▶ WHAT IS EXPECTED: Your task is to repeat the lines below exactly, excluding any pictures they contain.
##### DATASET SECTION
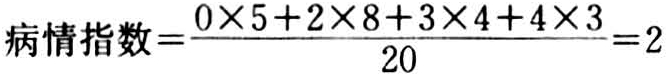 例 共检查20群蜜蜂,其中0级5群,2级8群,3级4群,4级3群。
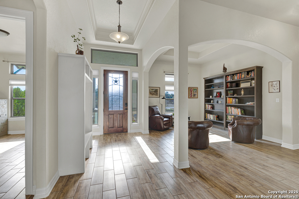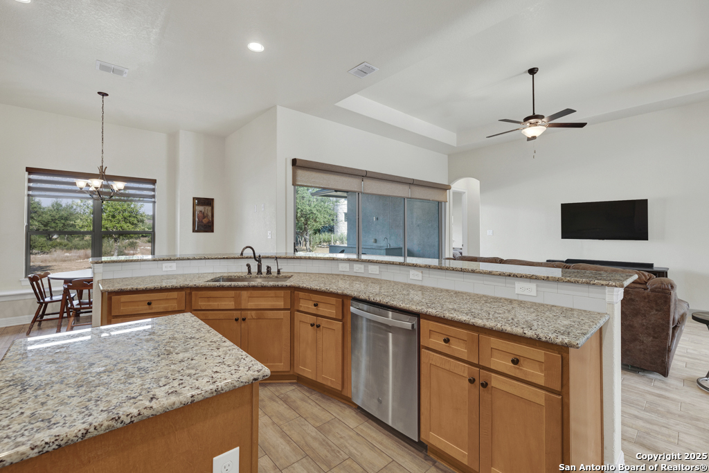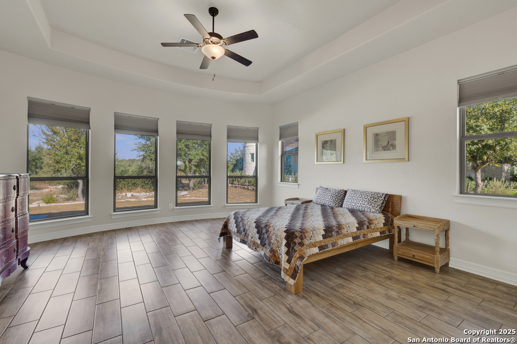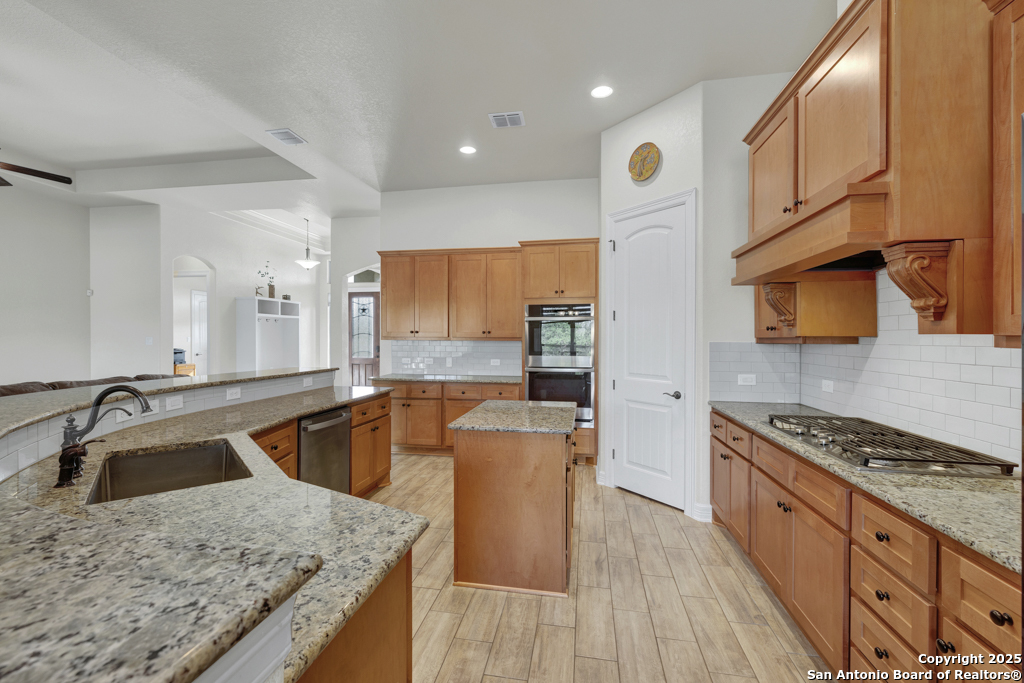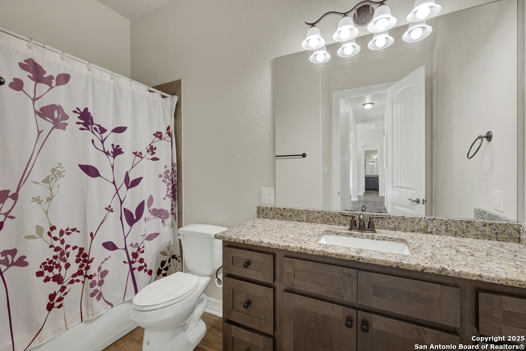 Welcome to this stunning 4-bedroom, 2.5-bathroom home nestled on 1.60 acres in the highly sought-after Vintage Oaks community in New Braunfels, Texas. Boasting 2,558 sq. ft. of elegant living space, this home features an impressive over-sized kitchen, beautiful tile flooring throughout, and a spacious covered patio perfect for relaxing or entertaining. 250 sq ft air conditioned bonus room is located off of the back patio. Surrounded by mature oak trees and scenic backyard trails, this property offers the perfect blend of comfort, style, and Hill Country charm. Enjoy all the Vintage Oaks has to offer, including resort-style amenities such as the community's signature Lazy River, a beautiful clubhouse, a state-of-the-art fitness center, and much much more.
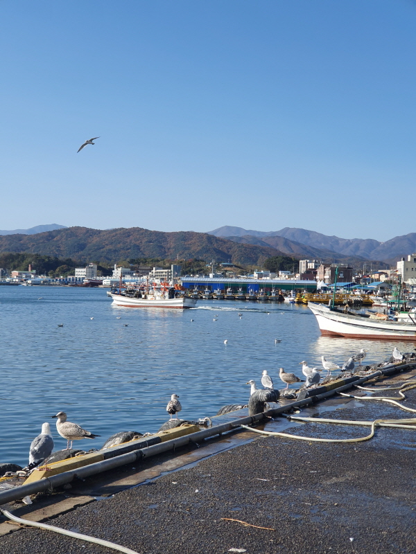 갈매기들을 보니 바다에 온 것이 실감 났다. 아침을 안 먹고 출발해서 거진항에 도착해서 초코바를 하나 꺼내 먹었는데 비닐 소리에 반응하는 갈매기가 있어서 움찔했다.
##########
▶ FINAL ANSWER:
 例 共检查20群蜜蜂,其中0级5群,2级8群,3级4群,4级3群。
 Welcome to this stunning 4-bedroom, 2.5-bathroom home nestled on 1.60 acres in the highly sought-after Vintage Oaks community in New Braunfels, Texas. Boasting 2,558 sq. ft. of elegant living space, this home features an impressive over-sized kitchen, beautiful tile flooring throughout, and a spacious covered patio perfect for relaxing or entertaining. 250 sq ft air conditioned bonus room is located off of the back patio. Surrounded by mature oak trees and scenic backyard trails, this property offers the perfect blend of comfort, style, and Hill Country charm. Enjoy all the Vintage Oaks has to offer, including resort-style amenities such as the community's signature Lazy River, a beautiful clubhouse, a state-of-the-art fitness center, and much much more.
 갈매기들을 보니 바다에 온 것이 실감 났다. 아침을 안 먹고 출발해서 거진항에 도착해서 초코바를 하나 꺼내 먹었는데 비닐 소리에 반응하는 갈매기가 있어서 움찔했다.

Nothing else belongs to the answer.